El sentimentalismo con respecto a los padres era un tabú estricto entre aquellos habitantes del borde exterior de la sociedad, pues manifestar el afecto filial era tanto como exponerse a las acusaciones de debilidad, afeminamiento o algo peor. Pero ver ahora a aquellos hombres hubiera colmado de satisfacción a la vieja Osugi. La lectura del sutra, tal vez debido a la sencillez del lenguaje, les había llegado a lo más profundo.
—¿Es eso todo? ¿No hay más?
—Hay mucho más.
—¿Y bien?
—Esperad un momento, ¿queréis?
Jūrō se levantó, se sonó ruidosamente y se sentó para entonar el resto.
El niño crece.
El padre le trae ropa para vestirse.
La madre peina su cabello.
Los padres le dan todo objeto bello que poseen
y sólo guardan para ellos lo que es viejo y está gastado.
El niño toma una novia
y trae a la casa a esa desconocida.
Los padres se vuelven más distantes.
Los recién casados intiman entre ellos,
permanecen en su habitación, hablándose felices.
—Así son las cosas, en efecto —interrumpió uno.
Los padres envejecen.
Sus espíritus se debilitan, su fuerza disminuye.
Tienen sólo al niño del que depender,
sólo su esposa les presta servicios,
pero el niño ya no acude a ellos,
ni de noche ni de día.
La sala de los padres está fría,
ya no hay más charlas agradables.
Son como huéspedes solitarios en una posada.

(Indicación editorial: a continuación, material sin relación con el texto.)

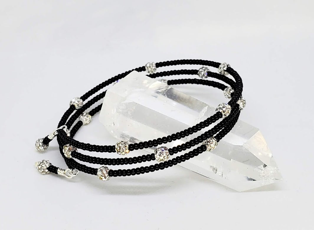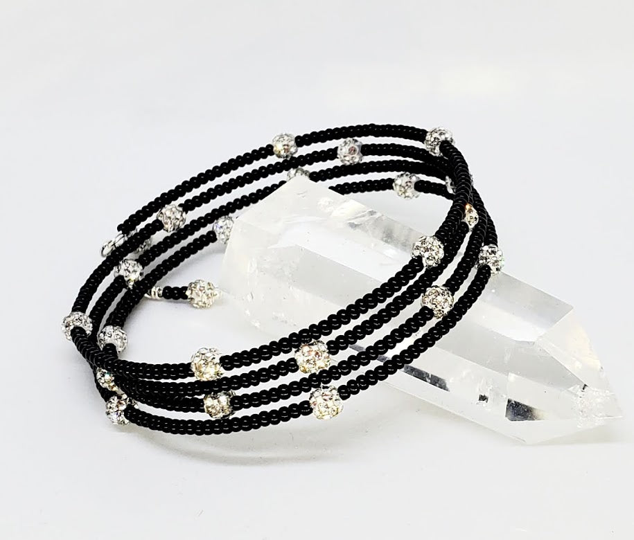 3, 4, 5, 6, or 7 Tiers of Black beads with mini disco glittering balls spaced throughout give this bracelet a far more upscale & expensive look.

Surge una crisis, y llaman a su hijo.
Nueve de cada diez veces, él no viene
ni les sirve.
Su enojo crece y les vilipendia,
diciendo que sería mejor morir
que seguir en este mundo cuando son superfluos.
Los padres escuchan, y sus corazones se llenan de cólera.
Llorando, dicen: «Cuando eras pequeño,
sin nosotros no habrías nacido,
sin nosotros, no habrías crecido.
¡Ah, cómo hemos…!».
Jūrō se interrumpió bruscamente y dejó la hoja a un lado.
—Yo…, yo… No puedo. Que lo lea otro.
Pero nadie quiso sustituirle. Tendidos boca arriba o abajo, o sentados con las piernas cruzadas y las cabezas entre las rodillas, estaban tan llorosos como niños perdidos.
Al entrar en la sala, Sasaki Kojirō se encontró con esa escena inverosímil.